Concert for a penny

That’s what it takes to tempt an audience in Sheffield, capital of the UK’s defunct steel and coal industries. Press release below.

 

sheffield1025

 

Do you have a case of the January blues? Would you like to try something new but don’t have the cash? Sheffield’s chamber music organisation, Music in the Round, is inviting audiences to experience the magic of its in-house ensemble, Ensemble 360, for just one penny on Saturday 24 January.

Following the huge success of the first such concert in 2012, the concert will once again be held on Sheffield Crucible Theatre’s 980-seat main stage. The programme features music of theatrical flair that showcases the collective and individual brilliance of resident Ensemble 360 musicians. They will be playing orchestral favourites in skilful chamber versions, and a selection of more recently composed pieces that are full of spontaneity, wit and charm.

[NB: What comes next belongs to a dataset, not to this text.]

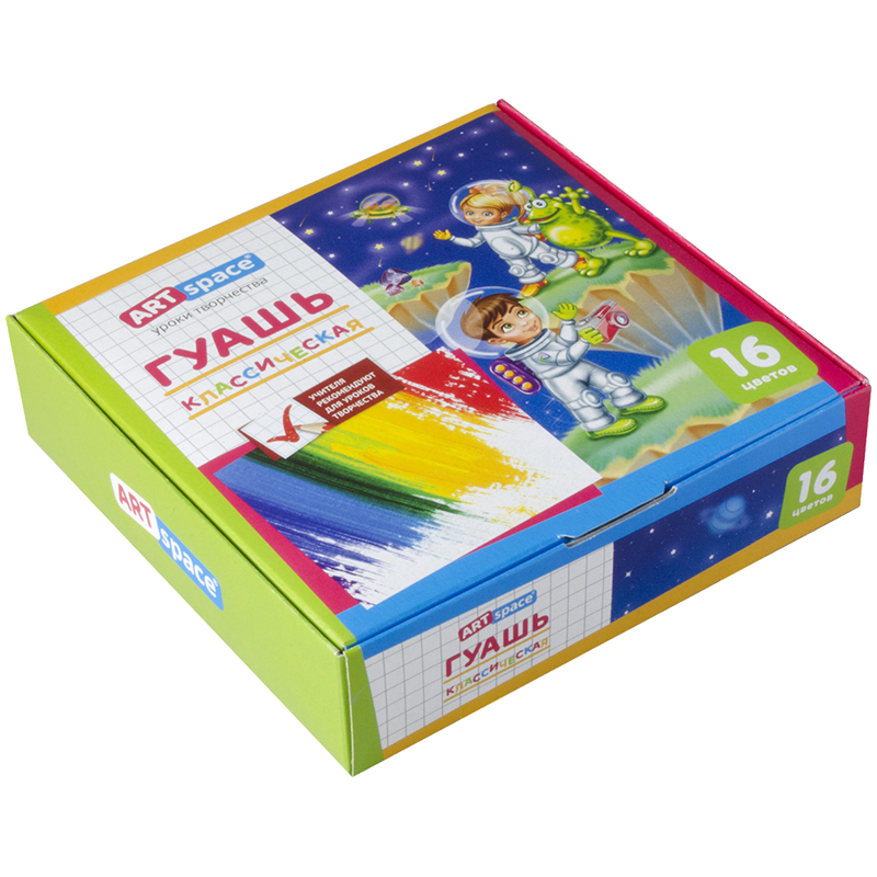 Набор гуашевых красок, 16 цветов, 20 мл. Насыщенные и яркие цвета. Краски хорошо разносятся на бумаге.

The concert programme will include Mozart’s Don Giovanni Overture (arr. David Matthews), and Ravel’s virtuosic Tzigane for violin and piano, as well as something more unusual in the shape of Ligeti’s fabulous Musica ricercata / Six Bagatelles for piano and wind quintet, from the 1950s. Ligeti originally wrote these 11 pieces for piano, and he later re-arranged 6 of them for Wind Quintet. In this concert, these two versions will be mixed for possibly the first time ever, with pianist Tim Horton performing 5 the pieces which Ligeti never orchestrated, with members of Ensemble 360 playing the Wind Quintet version of the others.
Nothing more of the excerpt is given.